* _Aim of the exercise_: In the answer, give the entries below exactly, from the first line through the line with "Kedudukan Pingat Semasa", with every picture omitted.

* _Working data_:
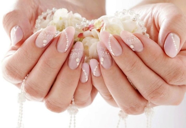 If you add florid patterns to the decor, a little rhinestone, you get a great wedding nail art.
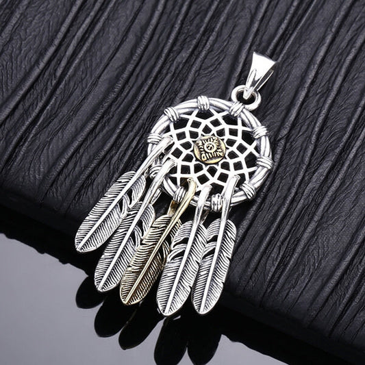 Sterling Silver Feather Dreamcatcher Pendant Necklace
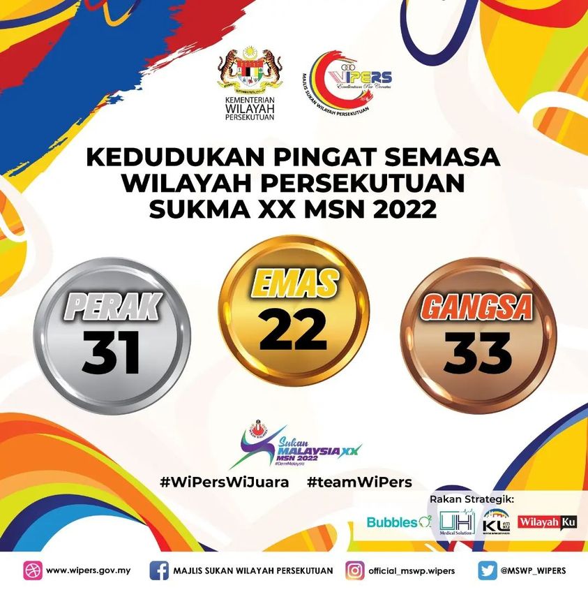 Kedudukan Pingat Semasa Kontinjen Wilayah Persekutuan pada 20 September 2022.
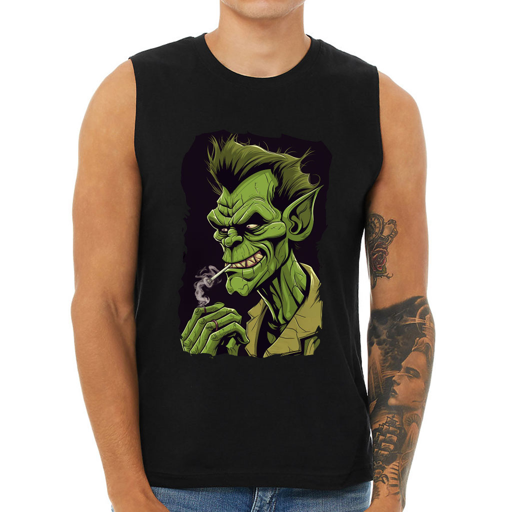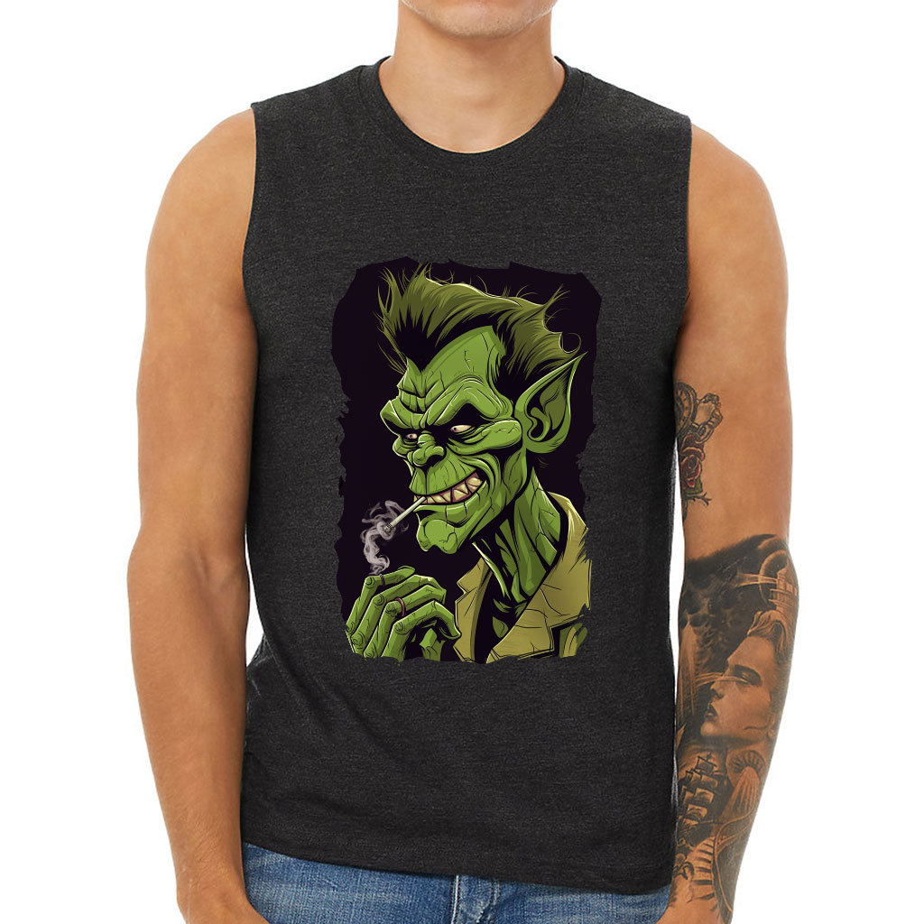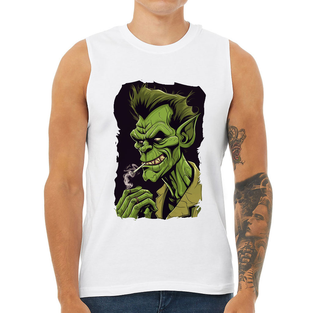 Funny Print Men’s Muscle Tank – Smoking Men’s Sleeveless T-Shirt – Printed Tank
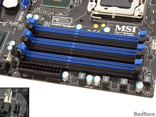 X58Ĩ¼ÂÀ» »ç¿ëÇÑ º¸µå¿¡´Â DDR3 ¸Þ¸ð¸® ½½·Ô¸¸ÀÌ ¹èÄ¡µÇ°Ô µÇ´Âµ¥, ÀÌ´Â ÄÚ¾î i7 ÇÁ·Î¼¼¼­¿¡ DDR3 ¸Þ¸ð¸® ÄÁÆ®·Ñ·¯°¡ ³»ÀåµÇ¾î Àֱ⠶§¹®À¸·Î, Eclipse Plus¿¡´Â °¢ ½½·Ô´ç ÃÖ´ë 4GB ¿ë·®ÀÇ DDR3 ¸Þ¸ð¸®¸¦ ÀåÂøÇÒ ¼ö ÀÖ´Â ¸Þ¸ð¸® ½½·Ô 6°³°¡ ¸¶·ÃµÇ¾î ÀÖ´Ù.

* _Response_:
 If you add florid patterns to the decor, a little rhinestone, you get a great wedding nail art.
 Sterling Silver Feather Dreamcatcher Pendant Necklace
 Kedudukan Pingat Semasa Kontinjen Wilayah Persekutuan pada 20 September 2022.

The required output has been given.